# EXERCISE DIRECTIONS
Only one stretch of the material below is wanted: everything from the line containing "cathedral and river" down to the line containing "- ✔ These are", both ends included. Repeat it exactly and skip the pictures.

____ TASK INPUTS

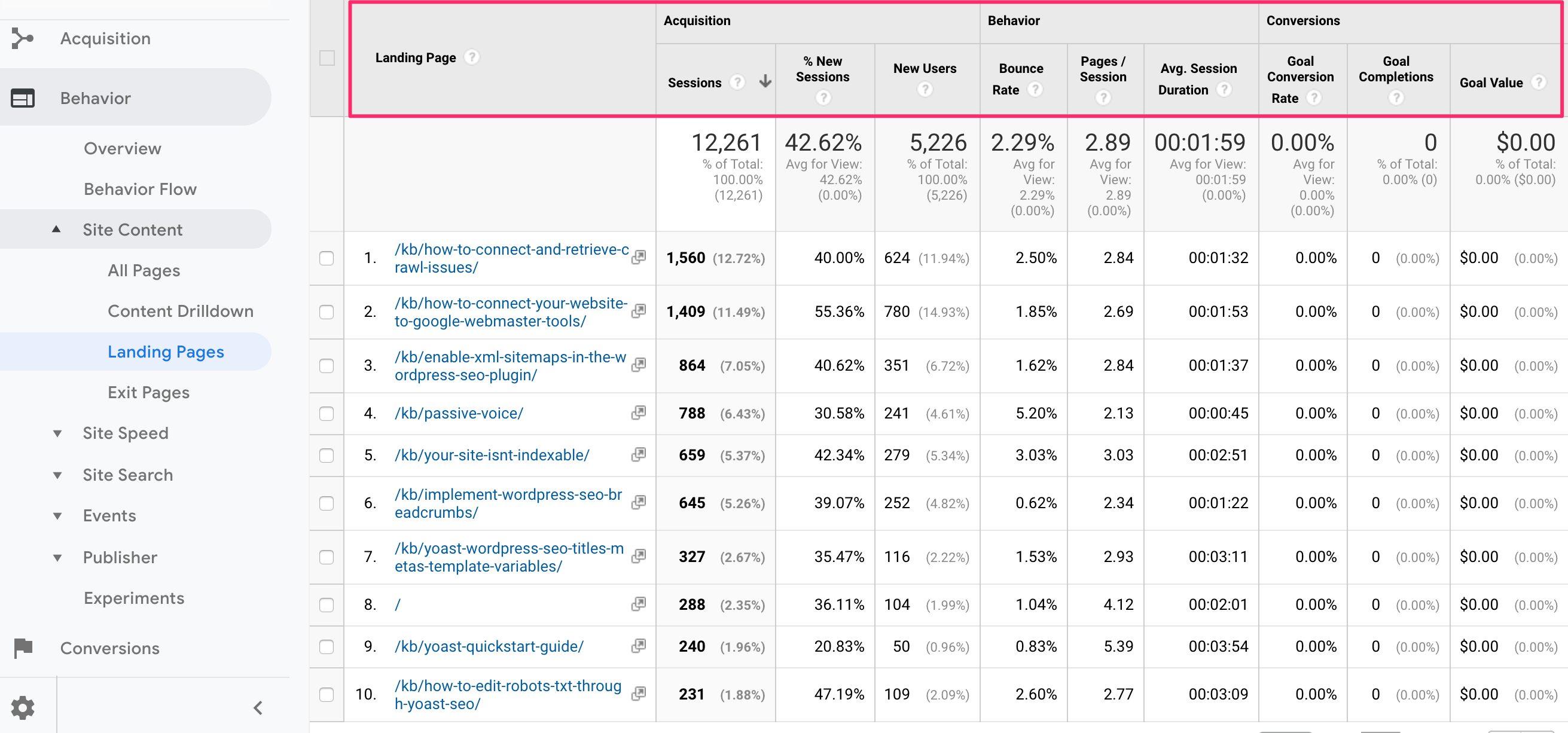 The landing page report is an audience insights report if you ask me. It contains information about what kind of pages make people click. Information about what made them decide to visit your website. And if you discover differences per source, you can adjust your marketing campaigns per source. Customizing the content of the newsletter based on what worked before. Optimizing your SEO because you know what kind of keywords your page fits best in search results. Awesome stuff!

________
____ TASK INPUTS

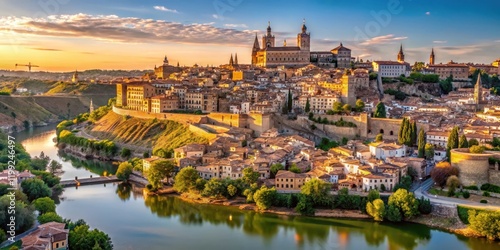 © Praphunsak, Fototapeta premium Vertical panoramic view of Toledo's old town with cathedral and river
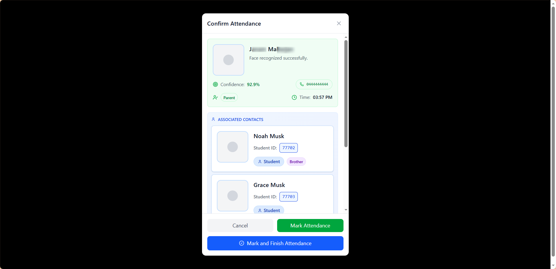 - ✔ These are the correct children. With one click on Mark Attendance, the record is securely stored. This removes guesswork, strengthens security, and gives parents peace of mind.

________

# EXERCISE SOLUTION
 © Praphunsak, Fototapeta premium Vertical panoramic view of Toledo's old town with cathedral and river
 - ✔ These are the correct children. With one click on Mark Attendance, the record is securely stored. This removes guesswork, strengthens security, and gives parents peace of mind.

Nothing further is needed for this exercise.